Question:easy

A can complete a piece of work in 15 days and B can complete the same work in 10 days. In how many days will they complete the work together?

Show Hint

The LCM method is highly effective for complex time-and-work problems.
Always try to use LCM to convert fraction-based work rates into simple whole numbers representing efficiencies.
This minimizes computational errors and speeds up the calculation process.
Updated On: Jun 16, 2026
  • 4 days
  • 5 days
  • 6 days
  • 7 days
Show Solution

The Correct Option is C

Solution and Explanation

Step 1: Use the units method.
Let the total work be the LCM of $15$ and $10$, which is $30$ units.

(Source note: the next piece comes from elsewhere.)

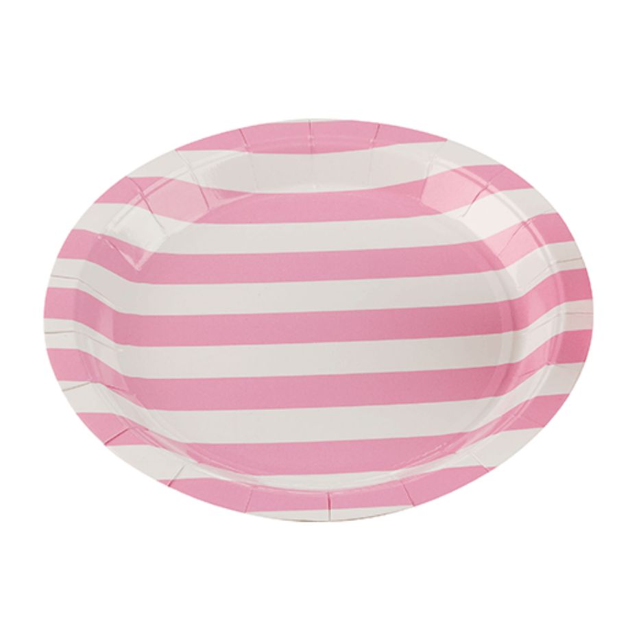 Prato Papel Biodegradável Listrado Rosa Bebe - 10 unidades - 18 cm - Rizzo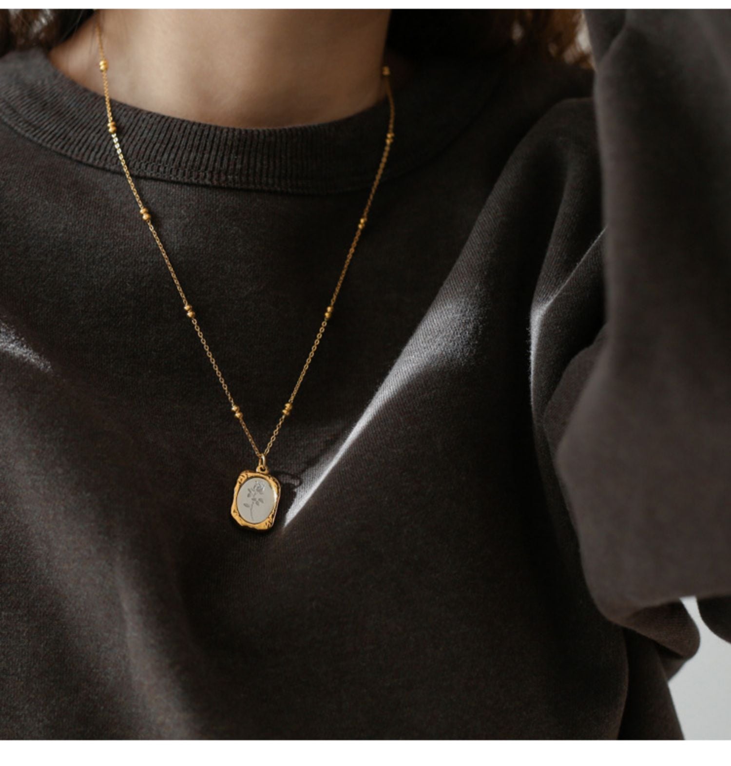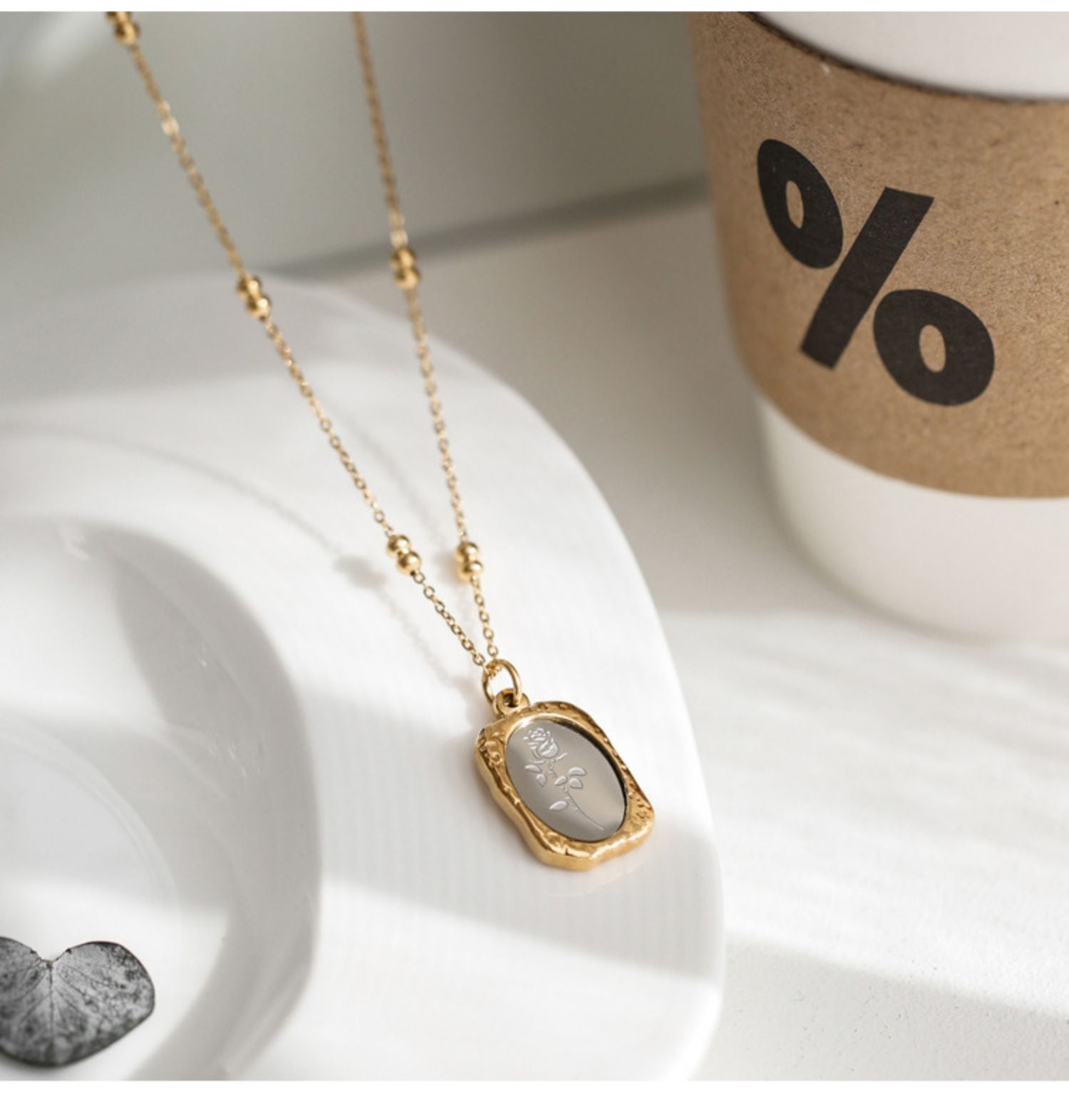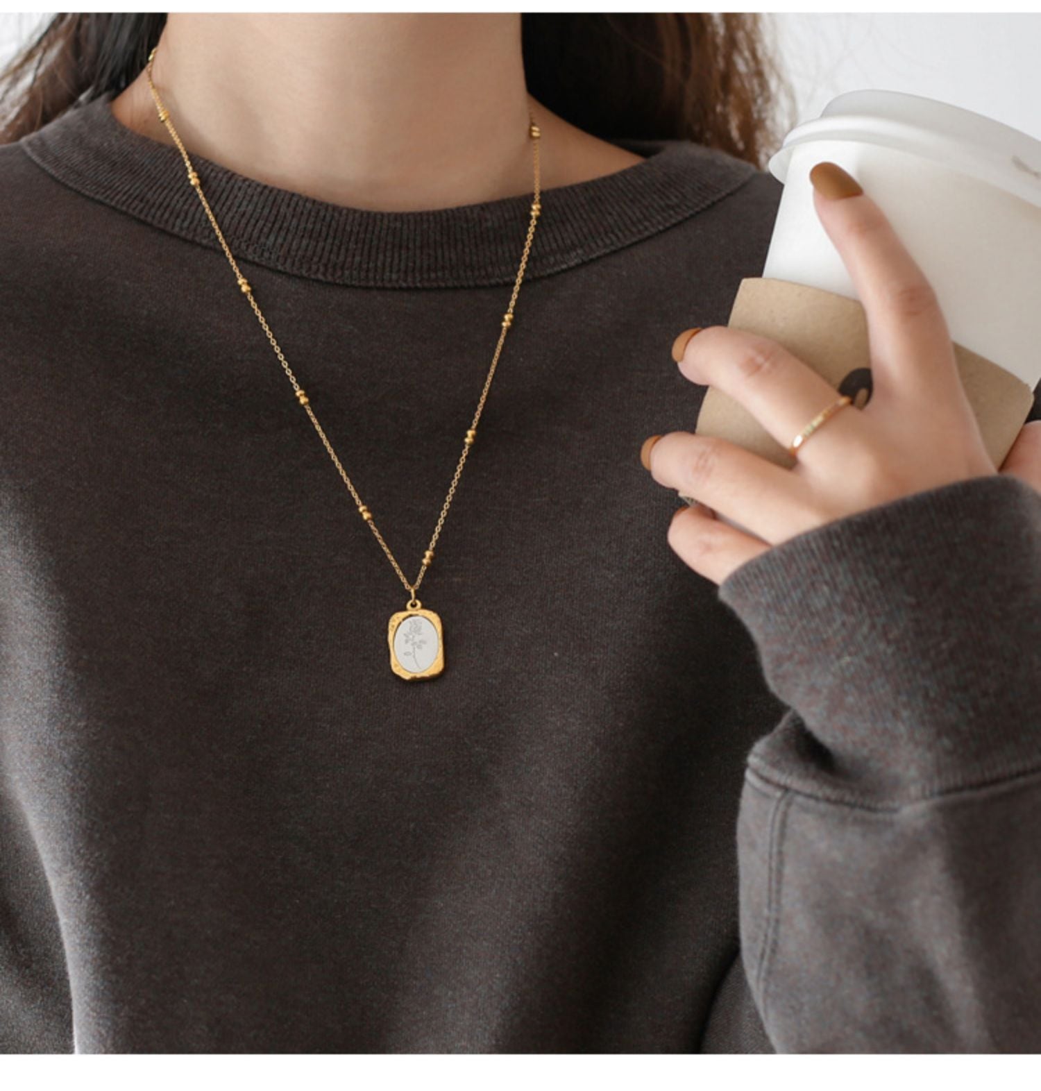 ゴールドのボールチェーンとの組み合わせが、上品さと可愛らしさを演出します。

This keeps the numbers clean.

Step 2: Find each person's daily output.
A finishes $30$ units in $15$ days, so A does $\frac{30}{15} = 2$ units a day.

Step 3: Do the same for B.
B finishes $30$ units in $10$ days, so B does $\frac{30}{10} = 3$ units a day.

Step 4: Add their daily outputs.
Together they do $2 + 3 = 5$ units each day.

Step 5: Find the time together.
Total work divided by combined rate, $\frac{30}{5} = 6$ days.

Step 6: State the answer.
Working together, they finish in $6$ days. \[ \boxed{6 \text{ days}} \]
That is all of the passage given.